The administrative court’s decision essentially means students and faculty can reclaim their campus in full, according to several sources who refuted media reports stating that the court only gave them rights to one building. The ruling also returned the rights to millions of Egyptian pounds worth of donations to the university.

“It is a long-awaited victory,” university Student Union President Ahmed Nassar told Egypt Independent.

The ruling annulled previous decisions taken by Ahmed Shafiq and Essam Sharaf, who consecutively served as prime ministers following Hosni Mubarak’s ouster, to hand over the land, labs and facilities over to the Zewail City project.

Students say bodyguards and security dogs are still stationed at the gates of the abandoned university.

“I hope the court decision is executed quickly so we can go back to our campus,” Nassar said, echoing the hopes of the wider student body.

Students and faculty have spoken out against the decision for months as the court case dragged on. For more than 80 days, they demonstrated outside the campus, and then staged a sit-in where they eventually set up tents and held lectures.

Sunday’s ruling came in response to a lawsuit filed by former MP Hamdy al-Fakhrany against the higher education minister, the prime minister and the former head of the Supreme Council of the Armed Forces seeking to cancel the transfer of land and facilities to Zewail City.

The demonstrators claimed that the Nile University administration had paid LE62 million for the right to use the campus for 99 years, and demanded that their campus remain in Zewail City and that they be allowed to use its laboratories and facilities.

Once the ruling is implemented, students and faculty can reclaim the 70 acres worth of land and buildings, while Zewail City will maintain control of 60 acres of adjacent unoccupied land.

“It would be very strange if Zewail appeals or decides not to execute the court ruling — it would mean that a Nobel Prize winner does not respect the rule of law,” Nassar said.

The court also rejected a request to turn the university from a private into a non-profit institution, according to Fatma Serag, a lawyer with the Academic Freedoms Program at the Association for Freedom of Thought and Expression, who has been following the case closely.

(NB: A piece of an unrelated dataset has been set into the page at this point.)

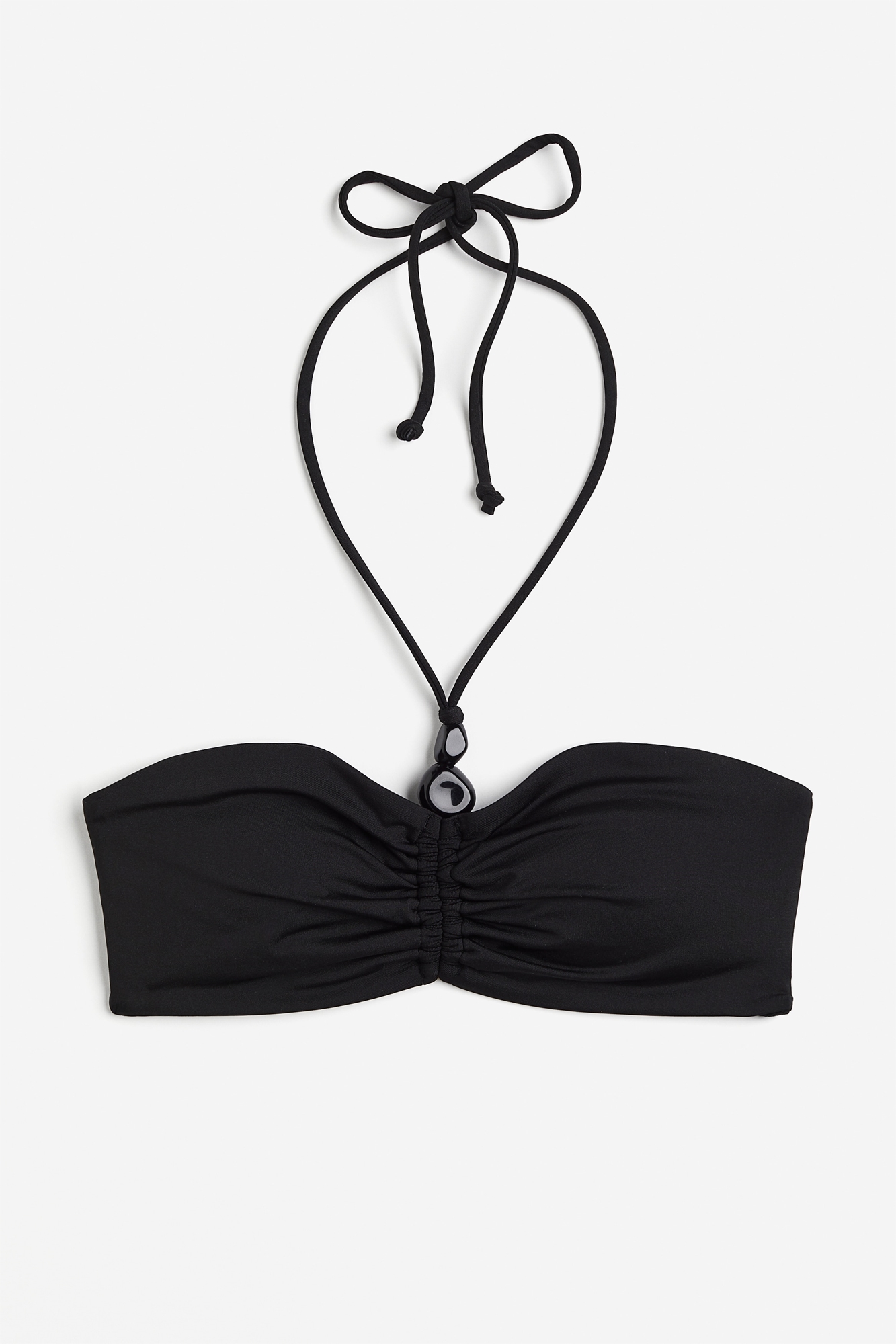Бикини-бандо на подкладке с чашечками со съемными вставками, которые формируют бюст и обеспечивают хорошую поддержку. Украшенный бисером шнурок завязывается сзади на шее. Без застежек.

Before the 25 January 2011 revolt, Nile University’s Board of Trustees had requested to turn the private university into a non-profit, which was approved by the higher education minister and was pending a presidential decree.

The events of the uprising delayed the decree until Shafiq took office and gave the go-ahead for Zewail to take over the land and facilities, much to the surprise of the Nile University community.

“We do not want the university to remain privately owned. We do not want private entities to control its magnificent resources,” said Ahmed Mamdouh, a master’s student at the university.

“Turning it into a non-profit will place it under proper government supervision, and most of its unique educational resources will be for free. It is better if the university’s resources are administered by the people, and we will figure out how to pressure the executive authority to make the right decision,” he added.

Serag says this decision can be taken by the Cabinet or President Mohamed Morsy.

In September, security forces violently dispersed a sit-in, detaining five of the students who were later released by the Public Prosecution. Political forces and student movements heavily criticized the move as a grave crackdown on academic freedoms.

Students have described the former prime minister’s decision to hand the assets to Zewail as politicized, accusing Sharaf of favoring the Nobel laureate with whom he launched an NGO called the Era of Science in 2008.

They also say Zewail has no documents to prove his ownership of the land prior to the university’s establishment, labeling Shafiq and Sharaf’s decisions as invalid.

“We still fear that the executive authority may not execute the court order for political reasons or due to Zewail’s position. That’s why we will continue our sit-in until we are legally granted access to our campus,” Mamdouh said.